In the days after the new Texas abortion law known as S.B. 8 took effect last September, Anna was planning her wedding to her fiancé, Scott. They’d set a date for this coming May — until Anna realized her period was almost two weeks late.
“I just remember laughing to myself because I was like, wow, for as responsible as I think I am all the time, I had no idea that I was pregnant — and that late,” says Anna. NPR is only using her first name because of the sensitivity of her story.
Doctors in Texas have been warning that S.B. 8 would make it harder for them to treat medical crises and would endanger their patients. Six months in, many say those predictions are coming true.
“I don’t want to be talking about this at all,” says Anna, who lives in central Texas. “But it’s important to share this story.
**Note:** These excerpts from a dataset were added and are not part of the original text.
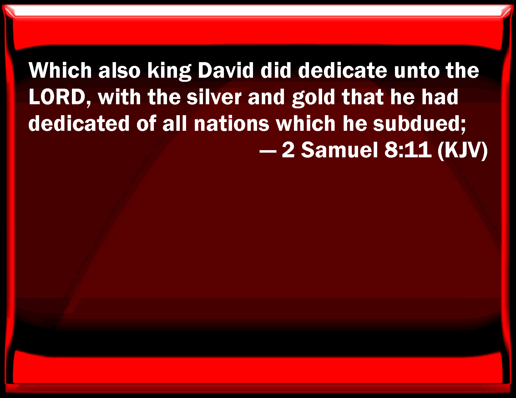 2 Samuel 8:11 Which also king David did dedicate to the LORD, with the silver and gold that he had dedicated of all nations which he subdued;
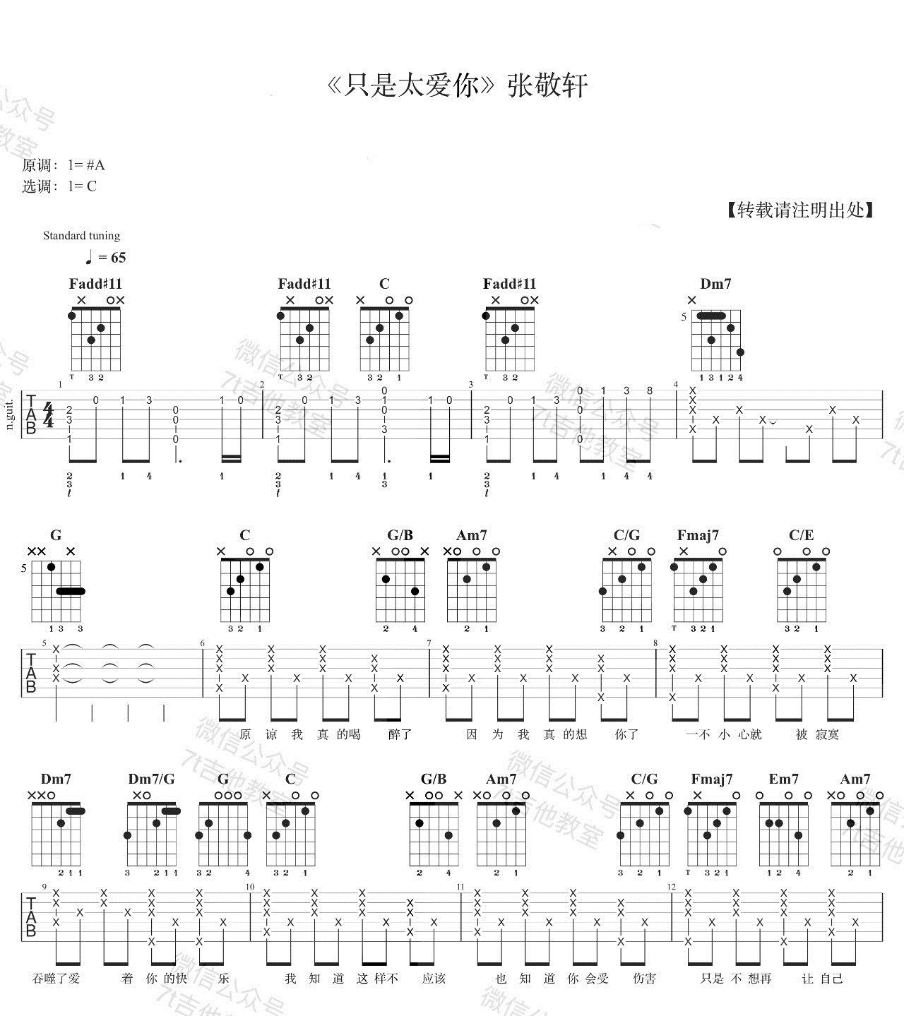 只是太爱你 张敬轩 图片吉他谱 - 只是太爱你 - 吉他弹唱谱
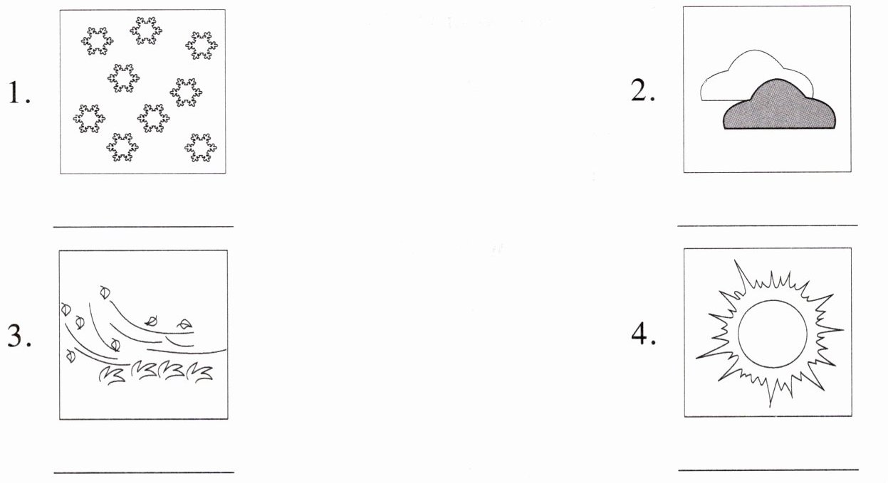 1. snow(y) 2. cloud(y) 3. wind(y) 4. sun(ny)

Because somebody is going to die eventually.”
The law bans most abortions as soon as any cardiac activity can be detected, usually around six weeks of pregnancy, or about two weeks after a missed period. Most women don’t know they’re pregnant at that point.
For Anna, there would have been little to no time to get an abortion in Texas by the time she discovered her pregnancy. She and Scott were open to having a baby, even if a bit sooner than they might have planned, so they moved up their wedding plans to December.
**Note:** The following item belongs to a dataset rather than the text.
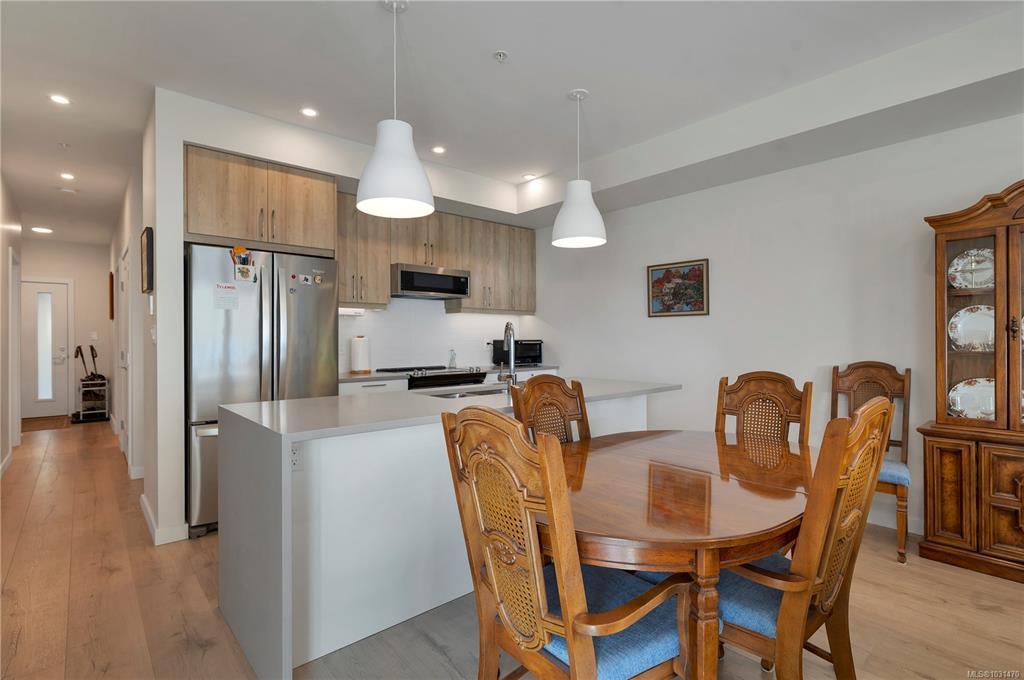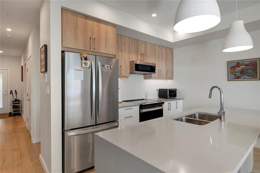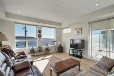 Experience coastal living at its finest in this stunning 2 bedroom + den ocean view condo. Designed with open concept living in mind, this home offers a bright, modern layout perfect for both relaxing and entertaining. The stylish kitchen features quartz countertops, stainless steel appliances, and sleek modern cabinetry, flowing seamlessly into the main living space. Low-maintenance laminate flooring adds durability and contemporary appeal throughout. The spacious primary bedroom is a true retreat, complete with a deluxe ensuite featuring dual sinks and a beautifully tiled walk-in shower. The versatile den makes an ideal home office, guest space, or cozy reading room. Enjoy breathtaking ocean views and effortless condo living in this exceptional home.

When their wedding day arrived, Anna was 19 weeks pregnant. And she was in her wedding dress, getting makeup done with her bridesmaids, when she noticed something was wrong.
“It felt like something was coming out of me. So I freaked out. I literally wet my dress in the seat that I was in,” she says.
Anna had to race against time
Anna’s water had broken too early for the baby to survive. She and Scott spent the night of their wedding in the ER, trying to take in the heartbreaking news.
“Basically the doctor looked at me and was like, well, the baby’s underdeveloped,” says Anna. “Even with the best NICU care in the world, they’re not going to survive.”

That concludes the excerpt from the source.